INPUT FOR THIS TASK below:
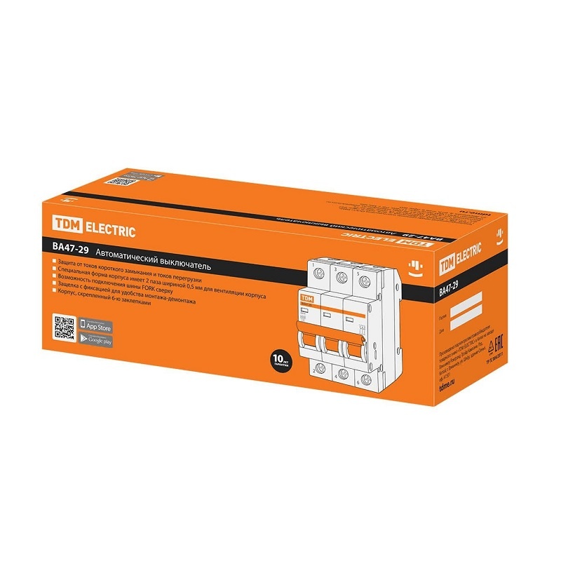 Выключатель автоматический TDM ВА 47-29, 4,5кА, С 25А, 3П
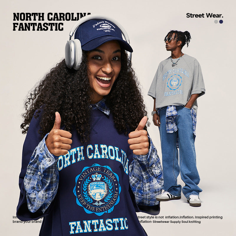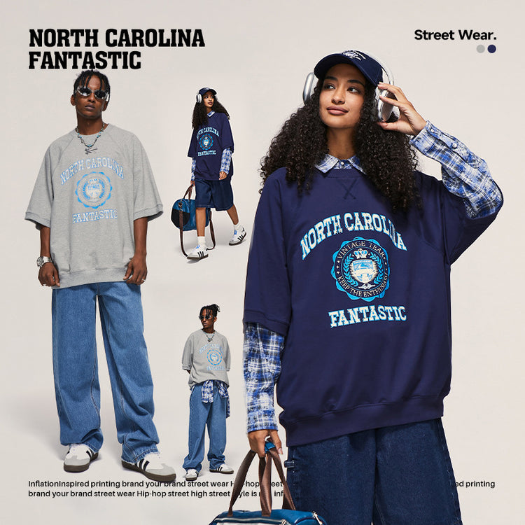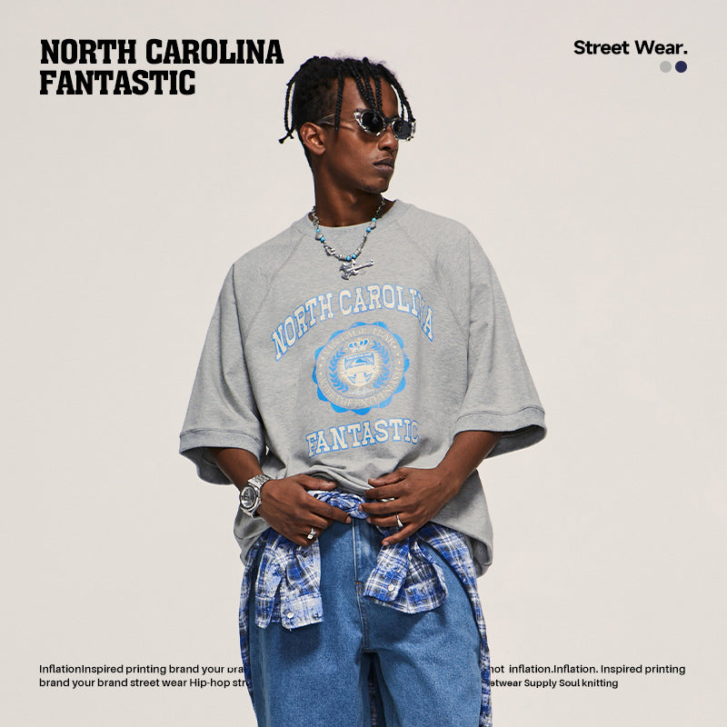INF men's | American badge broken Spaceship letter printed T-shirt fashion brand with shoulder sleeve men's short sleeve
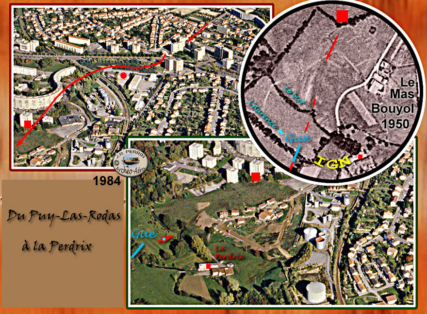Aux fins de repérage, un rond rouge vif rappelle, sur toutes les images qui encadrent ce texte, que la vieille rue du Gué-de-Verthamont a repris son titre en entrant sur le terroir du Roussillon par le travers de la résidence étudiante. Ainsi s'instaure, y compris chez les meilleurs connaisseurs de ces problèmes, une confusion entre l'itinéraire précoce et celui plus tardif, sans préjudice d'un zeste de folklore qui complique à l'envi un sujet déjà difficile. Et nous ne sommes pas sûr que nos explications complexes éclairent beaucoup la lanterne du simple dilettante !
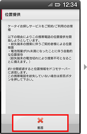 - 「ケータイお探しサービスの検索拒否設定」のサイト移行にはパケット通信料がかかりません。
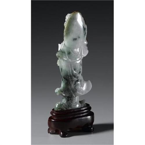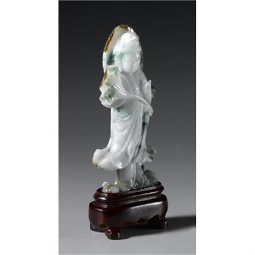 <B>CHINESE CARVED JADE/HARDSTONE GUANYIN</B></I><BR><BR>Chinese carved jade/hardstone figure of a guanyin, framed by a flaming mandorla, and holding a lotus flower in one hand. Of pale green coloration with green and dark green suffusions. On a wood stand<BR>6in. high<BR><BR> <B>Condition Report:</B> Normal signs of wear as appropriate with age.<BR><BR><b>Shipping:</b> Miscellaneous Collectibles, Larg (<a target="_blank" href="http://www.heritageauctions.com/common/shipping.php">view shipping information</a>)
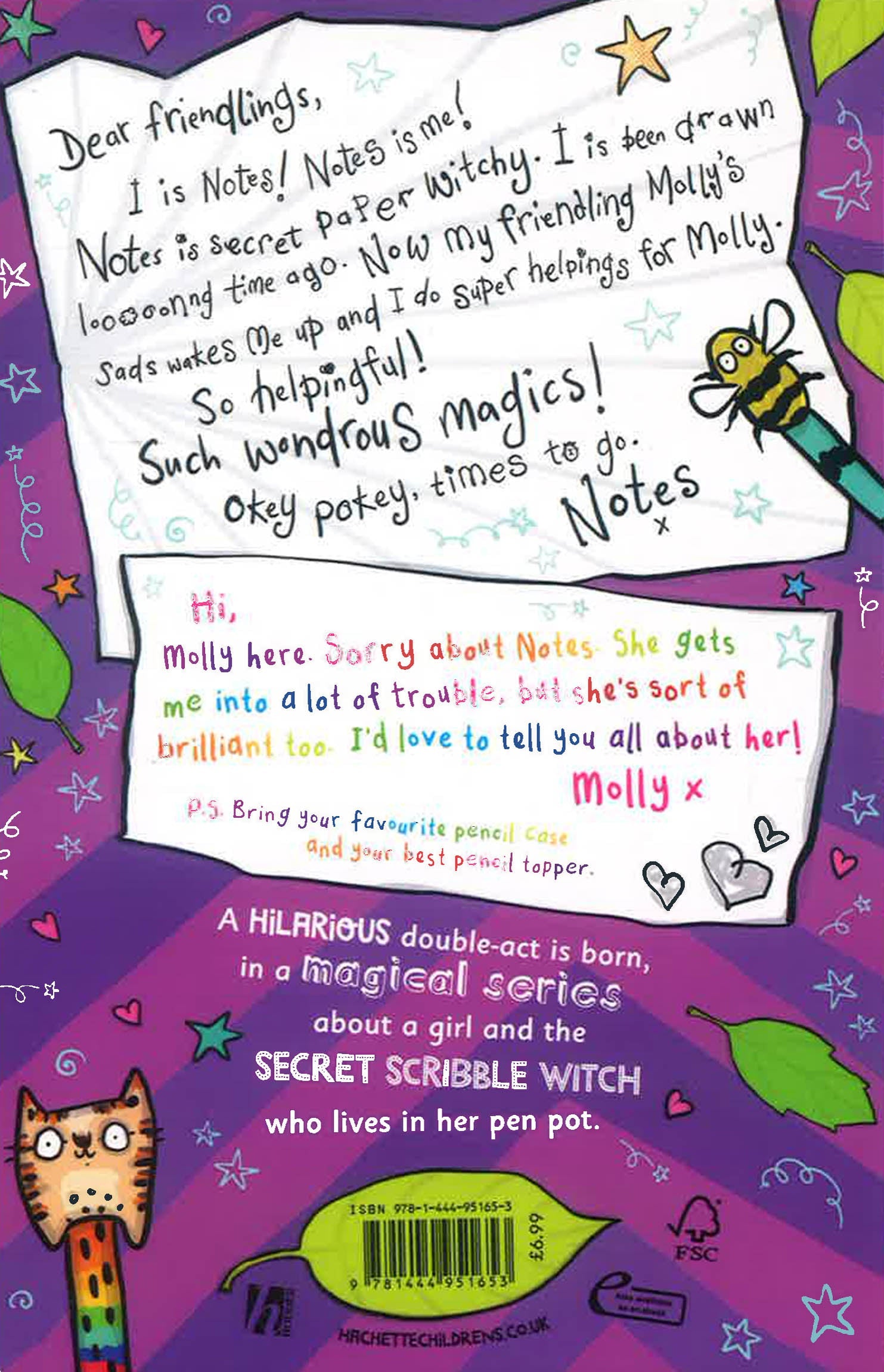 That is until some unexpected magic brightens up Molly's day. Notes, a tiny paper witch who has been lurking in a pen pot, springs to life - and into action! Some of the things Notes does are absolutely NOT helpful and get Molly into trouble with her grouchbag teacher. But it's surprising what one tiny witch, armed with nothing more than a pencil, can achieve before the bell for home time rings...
End of INPUT FOR THIS TASK.
EXERCISE PROMPT
The expected output is each record, copied exactly, and nothing in place of the pictures.

RESPONSE
 Выключатель автоматический TDM ВА 47-29, 4,5кА, С 25А, 3П
INF men's | American badge broken Spaceship letter printed T-shirt fashion brand with shoulder sleeve men's short sleeve
Aux fins de repérage, un rond rouge vif rappelle, sur toutes les images qui encadrent ce texte, que la vieille rue du Gué-de-Verthamont a repris son titre en entrant sur le terroir du Roussillon par le travers de la résidence étudiante. Ainsi s'instaure, y compris chez les meilleurs connaisseurs de ces problèmes, une confusion entre l'itinéraire précoce et celui plus tardif, sans préjudice d'un zeste de folklore qui complique à l'envi un sujet déjà difficile. Et nous ne sommes pas sûr que nos explications complexes éclairent beaucoup la lanterne du simple dilettante !
 - 「ケータイお探しサービスの検索拒否設定」のサイト移行にはパケット通信料がかかりません。
 <B>CHINESE CARVED JADE/HARDSTONE GUANYIN</B></I><BR><BR>Chinese carved jade/hardstone figure of a guanyin, framed by a flaming mandorla, and holding a lotus flower in one hand. Of pale green coloration with green and dark green suffusions. On a wood stand<BR>6in. high<BR><BR> <B>Condition Report:</B> Normal signs of wear as appropriate with age.<BR><BR><b>Shipping:</b> Miscellaneous Collectibles, Larg (<a target="_blank" href="http://www.heritageauctions.com/common/shipping.php">view shipping information</a>)
 That is until some unexpected magic brightens up Molly's day. Notes, a tiny paper witch who has been lurking in a pen pot, springs to life - and into action! Some of the things Notes does are absolutely NOT helpful and get Molly into trouble with her grouchbag teacher. But it's surprising what one tiny witch, armed with nothing more than a pencil, can achieve before the bell for home time rings...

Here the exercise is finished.